Inductive prefix : list A -> list A -> Prop :=
  | prefixNil: forall (l: list A), prefix nil l
  | prefixCons: forall (a: A)(l m:list A), prefix l m -> prefix (a::l) (a::m).

which expresses the fact that a given list is a prefix of another. One can then carry on to study this relation and show (for example) that it is a partial order. So far so good. However, it is very easy to define an inductive predicate which does not correspond to the mathematical notion in mind. I would like to validate the inductive definition by further defining a function:

isPrefixOf: list A -> list A -> bool

with the aim of proving the equivalence:

Theorem prefix_validate: forall (l m: list A), 
  prefix l m <-> isPrefixOf l m = true.

This is where I need to restrict the generality of the code as I can no longer work with list A. In Haskell, we have isPrefixOf :: Eq a => [a] -> [a] -> Bool, so I understand I need to make some assumption on A, something like 'Eq A'. Of course, I could postulate:

Parameter equal: A -> A -> bool
Axiom equal_validate: forall (a b: A),
  a = b <-> equal a b = true.

and proceed from there. I would probably do this in another file or in a section, so as not to undermine the full generality of the previous code. However, I feel I am re-inventing the wheel. This is probably a common pattern (expressing something like the Haskell Eq a => ...).

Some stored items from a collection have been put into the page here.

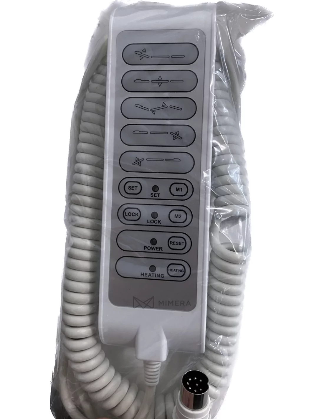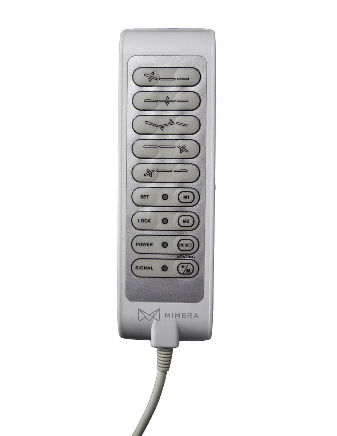 Ruční dálkové ovládání pro 3 motorové a 4-motorové lehátka s funkcemi RESET, LOCK a vyhřívání.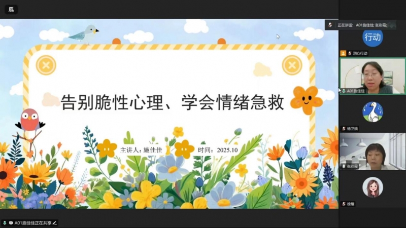 施主任围绕脆性心理的类型、成因、情绪急救方法、应对策略以及何时需要专业帮助等多个方面展开系统介绍。结合丰富案例,她对如何识别脆性心理、掌握情绪急救技巧进行了深入浅出的剖析,并分享了应对心理健康问题的实用经验。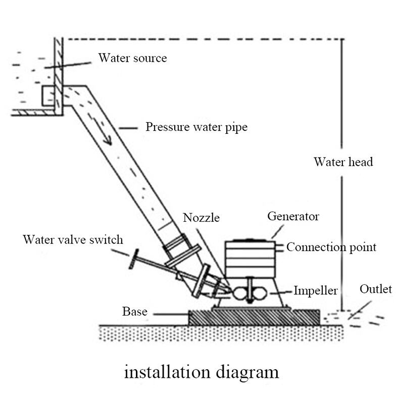 Mikroelektrownia wodna z turbiną wodną typu Turgo charakteryzuje się prostą konstrukcją, składającą się głównie z dyszy, wirnika, obudowy i wału głównego. Nie wymaga ona skomplikowanych urządzeń odprowadzających i kierujących przepływ wody, a jej całkowita objętość jest niewielka, co ułatwia transport i montaż.

Which (idiomatic, common) declaration should I make about type A which allows me to proceed, while keeping the code as general as possible?

Answer 1

(EDIT: The Coq standard library provides a direct counterpart of the Haskell == operator with the EqDec type class), see @anton-trunov answer for more details).

In general, you have at least two options:

• Assume the type A has decidable equality. This can be done in many forms, usually you want

  Hypothesis (A_dec : forall x y : A, {x = y} + {x <> y})
  

  then, you can destruct A_dec to compare elements. This is used in several parts of the standard library, and you could use a type class for automatic resolution. I believe that several third party libraries use this approach (coq-ext-lib, TLC). The code would become:

  Require Import Coq.Lists.List.
  Section PrefixDec.
  
  Variable A : Type.
  Hypothesis (A_dec : forall x y : A, {x = y} + {x <> y}).
  Implicit Types (s t : list A).
  
  Fixpoint prefix s t := 
    match s, t with
    | nil, t         => true
    | s, nil         => false
    | x :: s, y :: t => match A_dec x y with
                        | left  _ => prefix s t
                        | right _ => false
                        end
    end.
  
  Inductive prefix_spec : list A -> list A -> Prop :=
    | prefix_nil  : forall (l: list A),
        prefix_spec nil l
    | prefix_cons : forall (a: A) (l m:list A),
        prefix_spec l m -> prefix_spec (a::l) (a::m).
  
  Hint Constructors prefix_spec.
  
  Lemma prefixP s t : prefix_spec s t <-> prefix s t = true.
  Proof.
  revert t; induction s as [|x s]; intros [|y t]; split; simpl; try congruence; auto.
  + now intros H; inversion H.
  + destruct (A_dec x y); simpl; intros H; inversion H; subst; try congruence.
    now rewrite <- IHs.
  + destruct (A_dec x y); intros H; inversion H; subst.
    now constructor; rewrite IHs.
  Qed.
  
  End PrefixDec.
  
  (* Compute example *)
  Import ListNotations.
  Compute (prefix _ PeanoNat.Nat.eq_dec [2; 3; 4] [ 2; 3; 4; 5]).
  Compute (prefix _ PeanoNat.Nat.eq_dec [2; 3; 4] [ 2; 3; 5]).
  

• Follow your approach and provide a boolean equality operator. The math-comp library provides a class hierarchy with a class of types with decidable equality eqType. Thus, for A : eqType, x y : A, you can use the == operator to compare them. See http://math-comp.github.io/math-comp/htmldoc/mathcomp.ssreflect.seq.html for examples with lists.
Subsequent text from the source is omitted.